En las rampas del valle coloríase más aún el viso mineral, cromatando en rojo los ocres y lustrando con grises de bismuto los hollines plutónicos. El cielo azuleaba sombríamente; el aire poníase como quebradizo en su sequedad de vejiga, y la quietud extremábase hasta lo solemne, cuando con brusco mugido la ventolera descendió girando como un trompo demente, aventando la arena á los rostros y espoleando otra vez sus hordas indómitas.

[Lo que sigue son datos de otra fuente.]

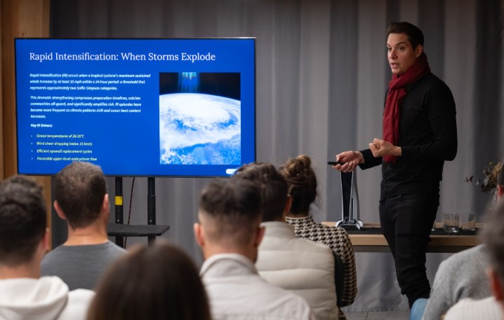 El meteorólogo estadounidense Ariel Rodríguez, de Telemundo Florida, ha aprovechado su primera visita al Principado para compartir su exposición en la que ha profundizado en la formación y organización de los huracanes, así como en los mecanismos que explican su repentina intensificación, un fenómeno cada vez más frecuente en un contexto de cambio climático. Además, la jornada ha contado con una charla telemática de Carlo Buontempo, director del Servicio de Cambio Climático de Copernicus (C3S) de la Unión Europea, que ha presentado Global Climate Highlights, aportando una visión sintética y actualizada del estado del clima a escala planetaria.

No podían permanecer en ese callejón que el viento arrasaba á porfía; y decidido a concluir de una vez con el mutismo del muchacho, el jefe á quien su donosura interesaba, le alzó el rostro en una cascaruleta:
—Bájate, perillán!
El efecto que estas palabras causaron en aquél, fue tan extraño como su resistencia y su gallardía. Marchitósele la tez, apretáronse sus rodillas en una crispación contra su pobre cojinillo de cordero, y su voz desfallecida de sollozos imploró:
—No, señor, no, señor, por vida suya!...
Sus ojos resplandecían verdaderamente magníficos entre las lágrimas; y así éstas como su voz y la postura que adoptó para suplicar lo afeminaban tanto que uno de los hombres neceó en voz baja un comentario libertino.